I have read abit about this and i find it intriguing that it's so difficult to distinguish between "quantum driven" and "normal" computer


i mean, i think that this conundrum may point to there not *really* being a difference between the two, but rather "normal computers" are simply using an inefficient language, and the silicone chips are designed to work with electricity, rather than light. Electricity is definitely powerful and quick but is still 1/100th the speed of light.. not to mention the system of processing data in our conventional computers still are built as if they were imitating the human eye scanning a page of text.. it's linear and subject to error if a single line or word is misinterpreted. We are told that our computers are based on pure logic etc, but this isn't true. They are "logical" in the same way that The United States is a "Democracy" haha. Once we get past Fuzzy Logic, I think true quantum computers will begin to show their strengths.
I am no quantum physicist so i don't want to come off like i have the answers, but i DO know people have been researching this since the 60s and i find it strange no one has gone into trying to use fiber optics and other light based technologies, to finally do away with relying on wires..



(2) Much is possible, but usually the ways are hindered by putting more energy into those reactions than getting out of them. So it would just been deemed inefficient and uneconomical.


I agree with you there, and this is a reasonable excuse to not take a lot of risks pursuing certain technologies, and totally changing paradigms, BUT i do shake my head in disappointment at those people who write books on Science every year, but don't have the creativity and/or the drive to challenge many of the awkwardly sewn seams of Scientific (not to mention Political and Economic) paradigms and try to point out where they overlap.
one of the ONLY people who have seriously pursued this goal (to my knowledge) is Ken Wilber with his Integral Theory. He has been writing since the early 70s though, and I have literally only met one person who has heard of him haha..



(3) Much too expensive with modern thrust-engines. NASA set up a program for this (Link here), but I doubt that there ARE feasible industries with economical positive outcome from this, right now.


I'm just saying the numbers are there. We know processes can be carried out so much more efficiently in zero gravity. We know that pollution from these industrial processes is not something that will be solved by just "taxing carbon" (at least i'm not even willing to dignify that whole idea with a thought haha) so the only option (other than eventually enforcing obligatory Amish-ness on everyone who can't afford a carbon tax
) would be to move these processes into orbit. There's no place to go, except up!!!



(4) Are you talking about hybrid cars? If not, always think about the most efficient way to convert energies from one state to another (here: moving into storage). Mechanical devices are usually not the best way, as they at least tend to weaken and lose their capabilty to store enough energy.


I am not someone who is constantly waiting for "free energy" to finally be discovered, but rather someone who sees ENOUGH energy for our intents and purposes, all around us..
I am just saying that our "methods of propulsion" should be based on a hierarchy of what is the most efficient way to accomplish any given goal. True that simple mechanisms alone are not "the answer", and i am by no means suggesting a return to "that good old time Science"
HOWEVER, i do not think these are technologies to be abandoned completely.. For example: the old gear and cog system is obviously strong and reliable when all components are in working order, but the downside is the wear and tear that comes through use.. however, we KNOW this is the result of friction, so what is stopping us from doing simple things like.. utilizing simple systems of magnets which eliminate friction wherever possible?

What i'd REALLY like to see (which is related to #2) is a sort of international agreement on a hierarchy of "what does what, in the best way" in terms of Science.
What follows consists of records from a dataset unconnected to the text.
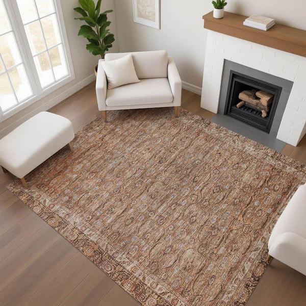 Mayfield Premium Machine Washable Abstract AMF1762 Copper 10 ft. x 14 ft. Area Rug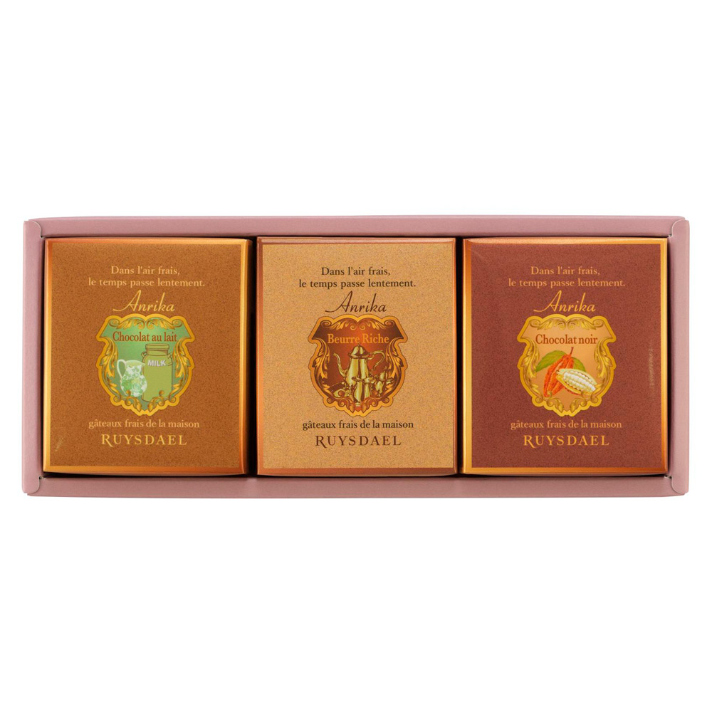 北海道産の発酵バターを使い、芳醇な香りと深みのある味わいに仕上げた「リッチバター」、スポンジケーキでチョコレートガナッシュをサンドしさらにミルクチョコレートでコーティングした「ミルク」、スイートチョコレートでコーティングした「スイート」の冬限定3種類の詰め合わせです。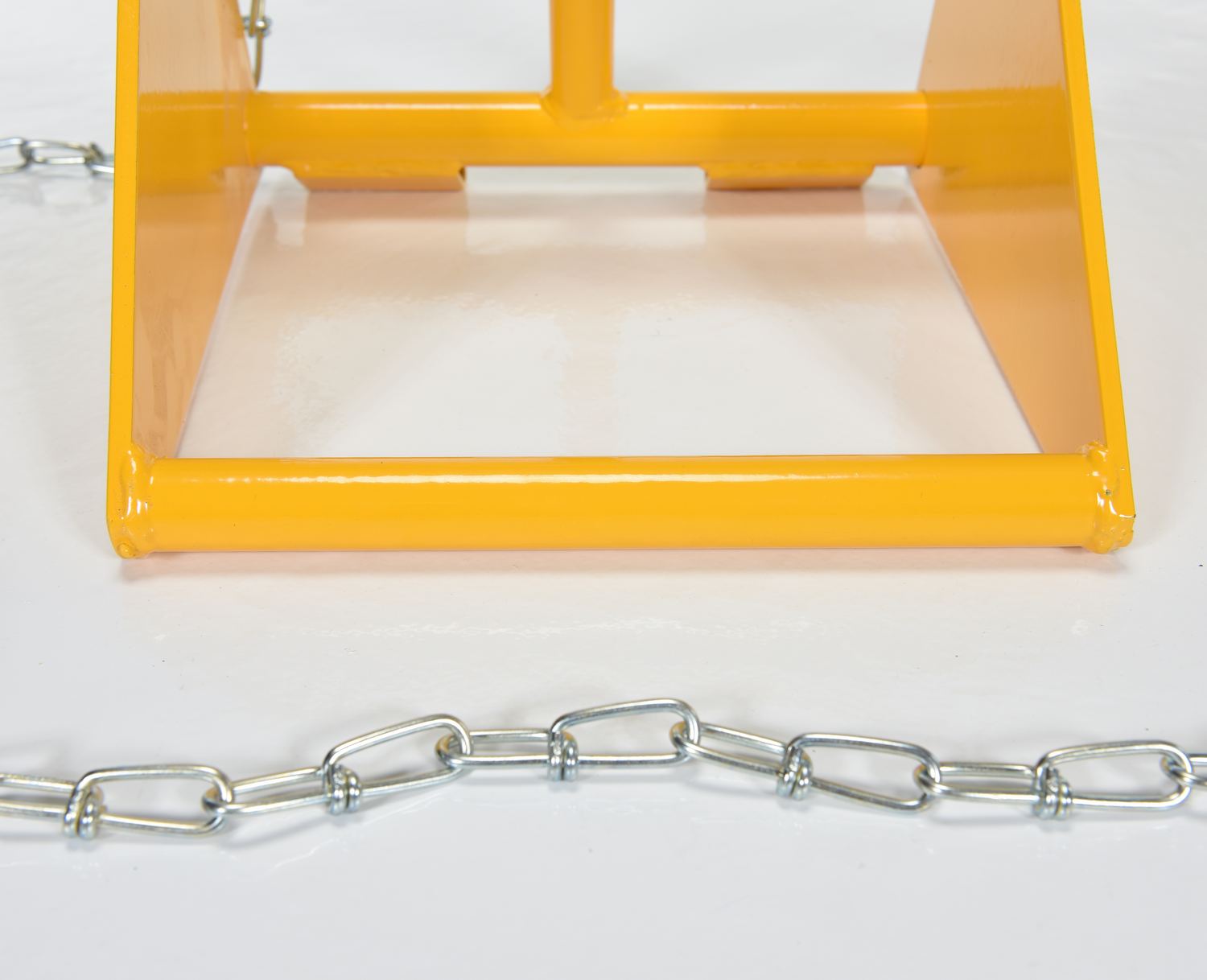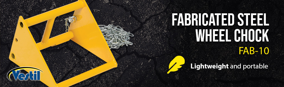 • FAB-10: The formed steel wheel chock is perfect for on the go or at the shop. The minimal weight of the chock lends itself to simple transference and maneuverability. Open face radius allows chock to be used with any size tire. Includes 10 ft. chain.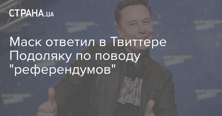 Миллиардер Илон Маск ответил советнику главы Офиса президента Украины Михаилу Подоляку, который задал ему вопрос, хочет ли тот легитимизировать псевдореферендумы, проведенные Россией на аннексированных территориях.

This should be something that can be empirically tested and demonstrated..



(5) Like a blimp?


indeed, at least with the same goal.. except invert the ratio between the size and the amount of people who can be aboard. Blimps have a HUGE area that is required just for the lifting of a small space occupied by passengers. I'm envisioning a cruise ship of the sky which would use a few different methods of using the natural currents of the wind, the attributes of thin air in the upper atmosphere, and a means of landing on water so you wouldn't have to fit cruise-ship sized craft at an airport


the logistics and resources are nowhere to be found right now, but all of these things seem very much within reach.. if only those with the wealth and influence, had the eyes to see..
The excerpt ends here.